-- DATA follows --
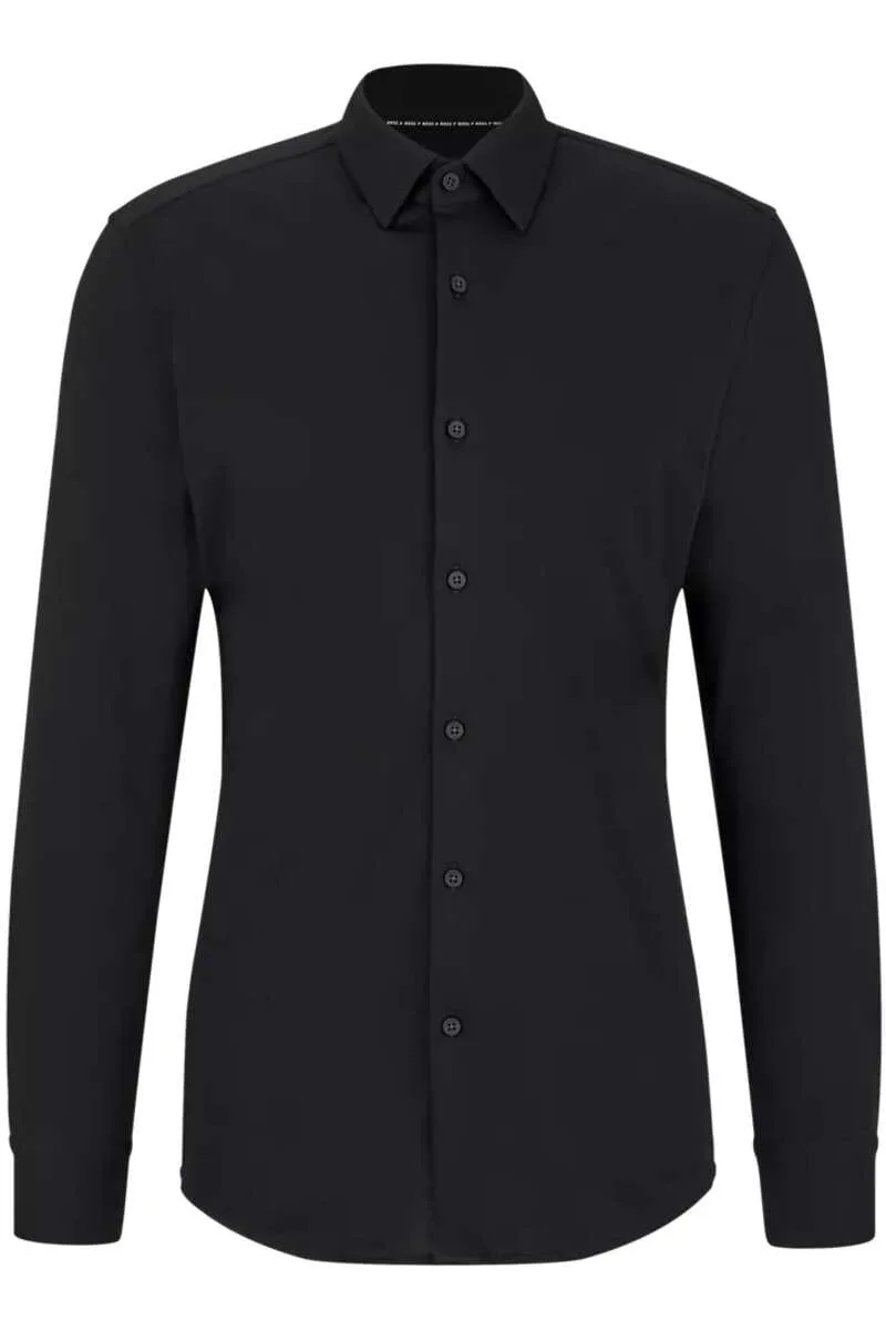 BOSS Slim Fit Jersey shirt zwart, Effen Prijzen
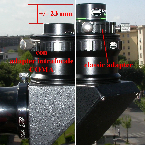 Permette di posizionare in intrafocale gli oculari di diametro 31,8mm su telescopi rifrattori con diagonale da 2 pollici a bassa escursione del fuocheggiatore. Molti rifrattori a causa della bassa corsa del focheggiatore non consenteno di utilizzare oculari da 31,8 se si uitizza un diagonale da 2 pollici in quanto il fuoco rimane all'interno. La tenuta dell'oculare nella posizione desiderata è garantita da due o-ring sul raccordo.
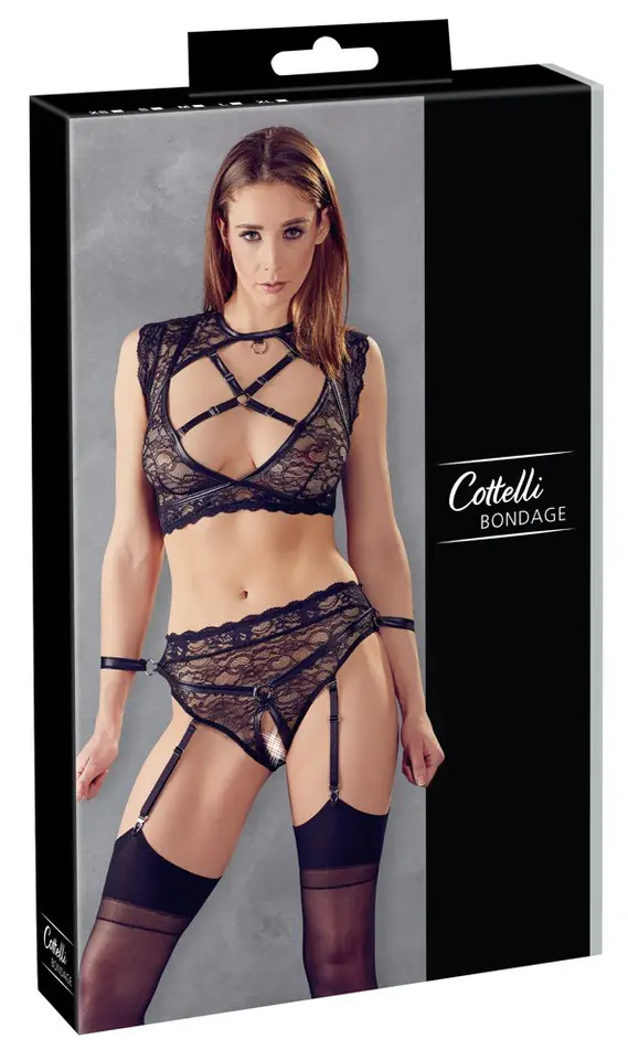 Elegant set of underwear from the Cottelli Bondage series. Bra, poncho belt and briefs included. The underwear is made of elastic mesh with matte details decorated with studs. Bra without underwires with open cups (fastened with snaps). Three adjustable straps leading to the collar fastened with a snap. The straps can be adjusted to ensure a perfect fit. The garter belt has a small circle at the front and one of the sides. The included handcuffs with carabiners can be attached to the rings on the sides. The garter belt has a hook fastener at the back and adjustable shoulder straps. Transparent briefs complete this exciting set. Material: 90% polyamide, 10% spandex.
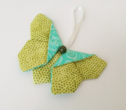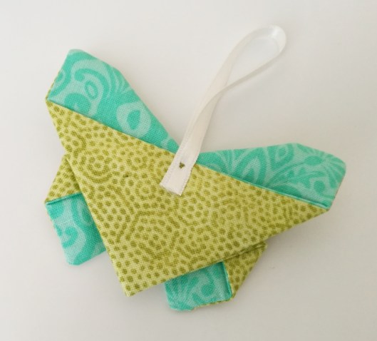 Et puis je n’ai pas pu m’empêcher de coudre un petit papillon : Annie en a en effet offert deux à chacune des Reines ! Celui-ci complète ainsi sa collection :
-- DATA concluded --
> WHAT YOU HAVE TO DO
All of the lines above must be printed again exactly, and no picture may appear in the copy.

> RESULT FOR THIS TASK
 BOSS Slim Fit Jersey shirt zwart, Effen Prijzen
 Permette di posizionare in intrafocale gli oculari di diametro 31,8mm su telescopi rifrattori con diagonale da 2 pollici a bassa escursione del fuocheggiatore. Molti rifrattori a causa della bassa corsa del focheggiatore non consenteno di utilizzare oculari da 31,8 se si uitizza un diagonale da 2 pollici in quanto il fuoco rimane all'interno. La tenuta dell'oculare nella posizione desiderata è garantita da due o-ring sul raccordo.
 Elegant set of underwear from the Cottelli Bondage series. Bra, poncho belt and briefs included. The underwear is made of elastic mesh with matte details decorated with studs. Bra without underwires with open cups (fastened with snaps). Three adjustable straps leading to the collar fastened with a snap. The straps can be adjusted to ensure a perfect fit. The garter belt has a small circle at the front and one of the sides. The included handcuffs with carabiners can be attached to the rings on the sides. The garter belt has a hook fastener at the back and adjustable shoulder straps. Transparent briefs complete this exciting set. Material: 90% polyamide, 10% spandex.
 Et puis je n’ai pas pu m’empêcher de coudre un petit papillon : Annie en a en effet offert deux à chacune des Reines ! Celui-ci complète ainsi sa collection :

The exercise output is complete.